**Your assignment:**
Would you transcribe exactly the lines from the beginning of the records below through the line with "Документ рассматривает трансформацию", both included, omitting the pictures?

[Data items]

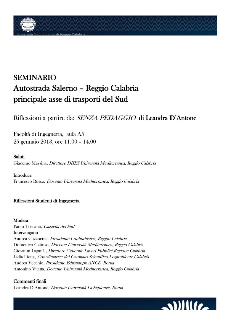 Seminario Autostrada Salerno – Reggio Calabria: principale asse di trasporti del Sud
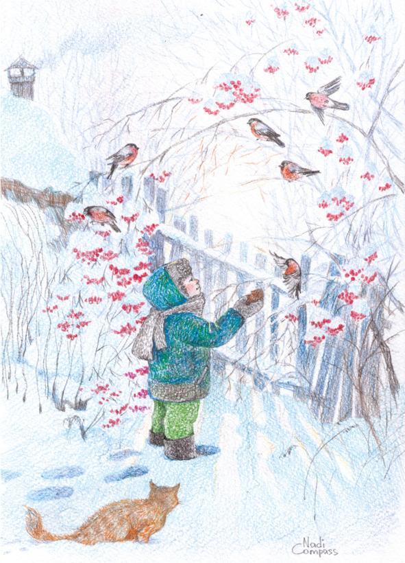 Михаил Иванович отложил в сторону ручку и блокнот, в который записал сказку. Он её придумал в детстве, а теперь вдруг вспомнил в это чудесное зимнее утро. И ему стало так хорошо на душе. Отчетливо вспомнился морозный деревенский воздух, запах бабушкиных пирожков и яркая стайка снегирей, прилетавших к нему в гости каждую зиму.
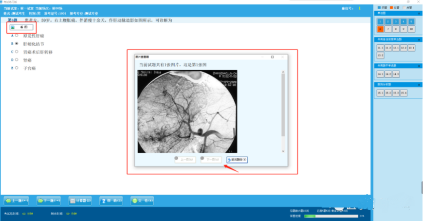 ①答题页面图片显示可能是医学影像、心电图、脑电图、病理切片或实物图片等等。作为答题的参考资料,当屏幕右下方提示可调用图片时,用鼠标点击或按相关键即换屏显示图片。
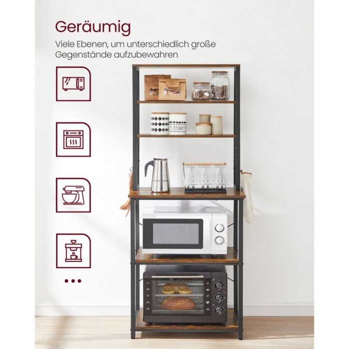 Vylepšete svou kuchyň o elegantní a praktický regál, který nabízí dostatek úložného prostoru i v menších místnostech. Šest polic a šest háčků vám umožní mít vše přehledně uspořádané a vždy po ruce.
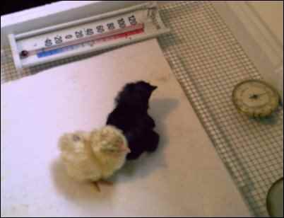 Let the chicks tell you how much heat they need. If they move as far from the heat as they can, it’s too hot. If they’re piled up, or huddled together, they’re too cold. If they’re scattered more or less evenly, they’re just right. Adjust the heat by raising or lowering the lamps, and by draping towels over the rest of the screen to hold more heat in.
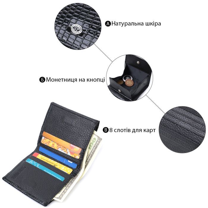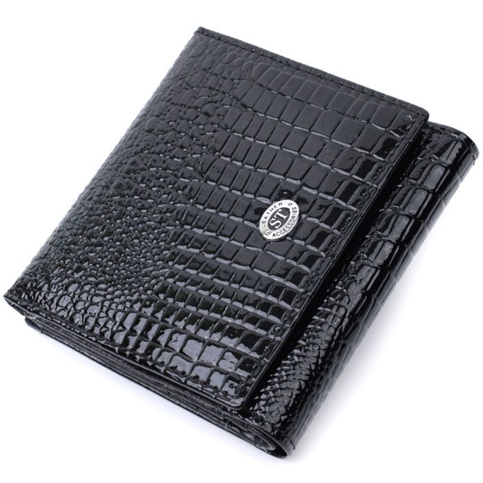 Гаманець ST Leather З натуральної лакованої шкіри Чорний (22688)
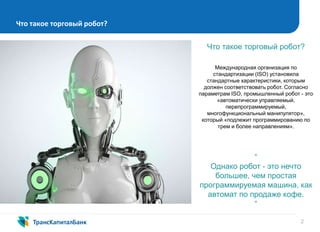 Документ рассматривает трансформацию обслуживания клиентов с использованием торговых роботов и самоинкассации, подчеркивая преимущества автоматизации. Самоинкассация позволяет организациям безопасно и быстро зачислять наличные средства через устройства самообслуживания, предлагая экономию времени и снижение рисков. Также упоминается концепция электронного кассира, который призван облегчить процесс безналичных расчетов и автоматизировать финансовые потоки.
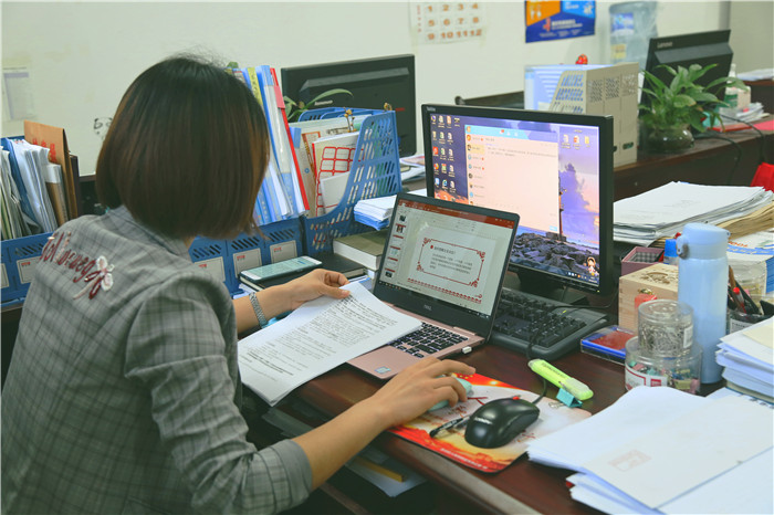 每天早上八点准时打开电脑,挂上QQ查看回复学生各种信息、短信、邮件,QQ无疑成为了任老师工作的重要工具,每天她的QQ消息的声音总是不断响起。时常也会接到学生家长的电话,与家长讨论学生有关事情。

**Output of the task:**
 Seminario Autostrada Salerno – Reggio Calabria: principale asse di trasporti del Sud
 Михаил Иванович отложил в сторону ручку и блокнот, в который записал сказку. Он её придумал в детстве, а теперь вдруг вспомнил в это чудесное зимнее утро. И ему стало так хорошо на душе. Отчетливо вспомнился морозный деревенский воздух, запах бабушкиных пирожков и яркая стайка снегирей, прилетавших к нему в гости каждую зиму.
 ①答题页面图片显示可能是医学影像、心电图、脑电图、病理切片或实物图片等等。作为答题的参考资料,当屏幕右下方提示可调用图片时,用鼠标点击或按相关键即换屏显示图片。
 Vylepšete svou kuchyň o elegantní a praktický regál, který nabízí dostatek úložného prostoru i v menších místnostech. Šest polic a šest háčků vám umožní mít vše přehledně uspořádané a vždy po ruce.
 Let the chicks tell you how much heat they need. If they move as far from the heat as they can, it’s too hot. If they’re piled up, or huddled together, they’re too cold. If they’re scattered more or less evenly, they’re just right. Adjust the heat by raising or lowering the lamps, and by draping towels over the rest of the screen to hold more heat in.
 Гаманець ST Leather З натуральної лакованої шкіри Чорний (22688)
 Документ рассматривает трансформацию обслуживания клиентов с использованием торговых роботов и самоинкассации, подчеркивая преимущества автоматизации. Самоинкассация позволяет организациям безопасно и быстро зачислять наличные средства через устройства самообслуживания, предлагая экономию времени и снижение рисков. Также упоминается концепция электронного кассира, который призван облегчить процесс безналичных расчетов и автоматизировать финансовые потоки.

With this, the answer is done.